Patrick Melton is an American screenwriter, producer and novelist.

==Film career==
In 2004, Melton won the third season of Project Greenlight, along with Marcus Dunstan and John Gulager. The television show premiered on Bravo and resulted in the horror/comedy film Feast and two sequels followed, Feast II: Sloppy Seconds and Feast III: The Happy Finish. However, it was Melton's involvement with the Saw series, that brought him worldwide recognition and international box office success. He wrote Saw IV, Saw V, Saw VI, and Saw 3D for a worldwide take of nearly $500,000,000. Additionally, Melton wrote the home invasion thriller The Collector, which was directed by Dunstan.

Melton and Dunstan adapted the graphic novel Smoke and Guns by Kirsten Baldock and Fabio Moon.
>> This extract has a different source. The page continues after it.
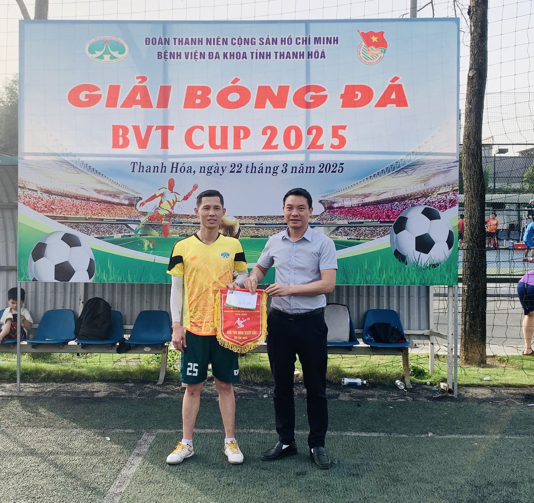 Chiều ngày 13/4/2025, Ban Chấp hành Đoàn TNCS Hồ Chí Minh Bệnh viện Đa khoa tỉnh Thanh Hóa đã tổ chức Lễ bế mạc Giải bóng đá nam BVT Cup năm 2025. Tham dự buổi Lễ có đồng chí Hoàng Hữu Trường – Phó Bí thư Đảng bộ, Phó Giám đốc Bệnh viện cùng các đồng chí đại diện Lãnh đạo các Khoa, Phòng, Trung tâm và đông đảo cổ động viên đến từ các Chi đoàn.

In the fall of 2006, Dimension Films preemptively acquired a dark and edgy horror/thriller spec script from Melton and Dunstan titled The Neighbor for a six-figures.

Additionally, the writing team of Melton and Dunstan have performed writing duties on Lionsgate's My Bloody Valentine 3D, Piranha 3D by Alexandre Aja, a remake of Clive Barker's Hellraiser, a remake of William Castle's classic horror film The Tingler at Columbia Pictures for producer Neal Moritz, a remake of Scanners by David Cronenberg, a film adaptation of the classic sci-fi TV anthology The Outer Limits for MGM, and the action/adventure tentpole Pacific Rim by Guillermo del Toro for Legendary Pictures and Warner Bros.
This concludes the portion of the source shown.